Promoting centrist pragmatism, Lee defeated his rival Park Geun-hye, a hardcore conservative, in the conservative party’s primary. It was a miraculous victory for a man who had been ridiculed by pro-Park lawmakers as a “mere peddler” for his background as a businessperson. His victory in the presidential election was inevitable, as he was backed by a number of centrists and supporters of the conservative party against a liberal candidate whose supporters were shrinking. A landslide victory by 5.3 million votes looked natural.

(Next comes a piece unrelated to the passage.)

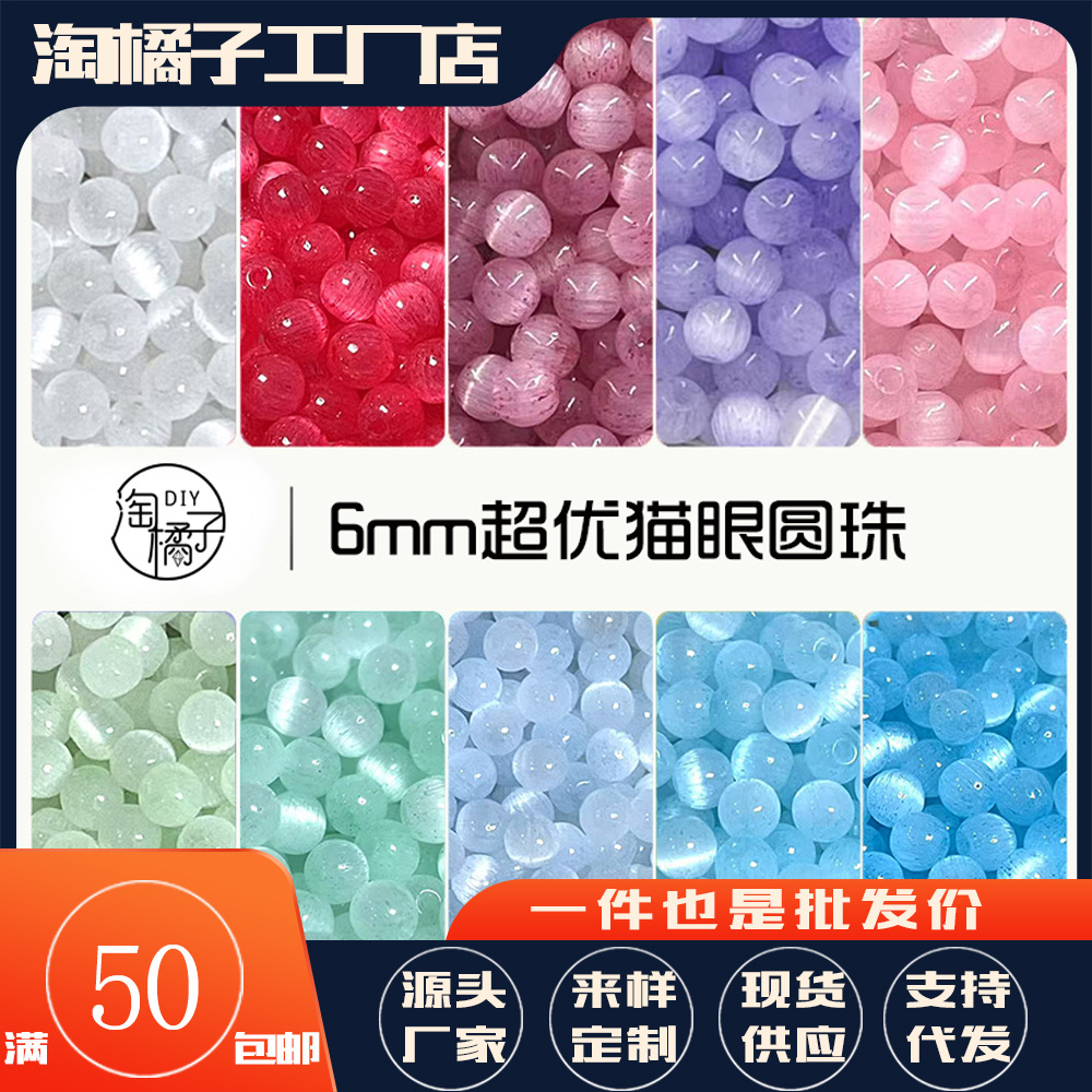 6mm超优猫眼米珠直孔圆珠玻璃珠子手工DIY串珠项链手链手机链散珠

But in hindsight, Lee was the last president to take power based on moderate voters’ support. Leaders since then were not. Former Presidents Park Geun-hye and Moon Jae-in and current President Yoon had solid support from one side, either right or left. The centrist voters, squeezed in the middle, had to make a difficult choice each time. No wonder the victory was determined by a narrow margin. As a result, political leaders had to please their own supporters first in order to not lose their votes. No leaders would dare to raise the banner of moderation and pragmatism. Even if they promote centrist policies, they can easily be wounded by the extreme partisan confrontation between right and left. It has become impossible to stay on the fence as a centrist politician.

What will happen in the next presidential election? As of now, the prospect is gloomy. The majority Democratic Party (DP) relies heavily on a group of fanatical — and blind — supporters of the majority party, known as “daughters of reform.” DP leader Lee Jae-myung and other political celebrities — such as former justice ministers Cho Kuk and Choo Mi-ae and former DP leader Song Young-gil — are only focusing on their hardline supporters and leftist fans.

The situation is no different for the governing People Power Party (PPP). Justice Minister Han Dong-hoon is one example. While rumors are spreading that he will run in the next parliamentary election in April, his eloquence is stunning. He is returning his opponents’ hate speeches with his own enmity. Conservative voters may be pleased with his language, but there are many centrists who are tired of his frequent media appearances and pointed remarks.

I am already worried that the pattern of the recent presidential elections — in which the centrists were deprived of their choices because of the fierce battle of the two most unlikable candidates — will repeat in the next presidential race in 2027. Even politicians who advocated moderation and pragmatism are starting to change their stance for votes. I hope that a group of politicians, who became famous as rising stars of pragmatism, will stay the course instead of being discouraged by low poll numbers. Only then will the political mud be cleared even a little.